Los Angeles has big, two-hearted rivers running through it. The Los Angeles River cleaves the county down the middle. The San Gabriel River borders the county’s often overlooked eastern quarter. They are historically ambiguous rivers whose lengths, courses to the sea and places in the landscape have repeatedly changed over the past 150 years.

The county’s two rivers are problematic because they and their tributary streams drain an enormous, geologically young and rugged back country that drops with astonishing suddenness to the floor of two valley basins and the nearly flat coastal plain on which most of us live. In the rivers’ 1,700 square miles of watershed, nothing constrained them. They flooded repeatedly and fatally from 1868 to 1938. Empty now except for the daily flow of 90 million gallons of processed waste water, they might still discharge in a day a volume of storm runoff equal to the flow of the Mississippi at its mouth.

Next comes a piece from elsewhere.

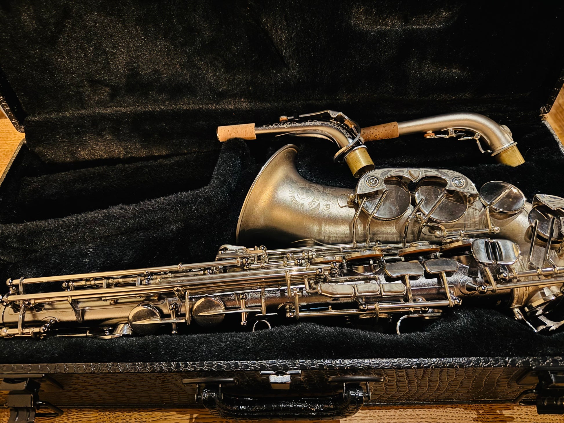 ネックが2本付属します。通常のネックとファットネックです。吹き心地や音に差があるので場面によっての使い分けや、口径の違うマウスピースを使用する場合などに大変役立ちます。

Beginning in 1939, the Army Corps of Engineers and the County Flood Control District redefined the two rivers with single-minded efficiency as the region’s storm drains. When the work was completed in 1970, 100 miles of concrete channels had replaced the vague beds of the Los Angeles and San Gabriel rivers, the Rio Hondo and Ballona Creek. The system included five major dams and spreading basins for the recharge of underground aquifers, 370 miles of feeder channels, 2,400 miles of covered drains, 15 smaller dams and 129 debris basins. The work of making the rivers in our own image had cost a billion dollars.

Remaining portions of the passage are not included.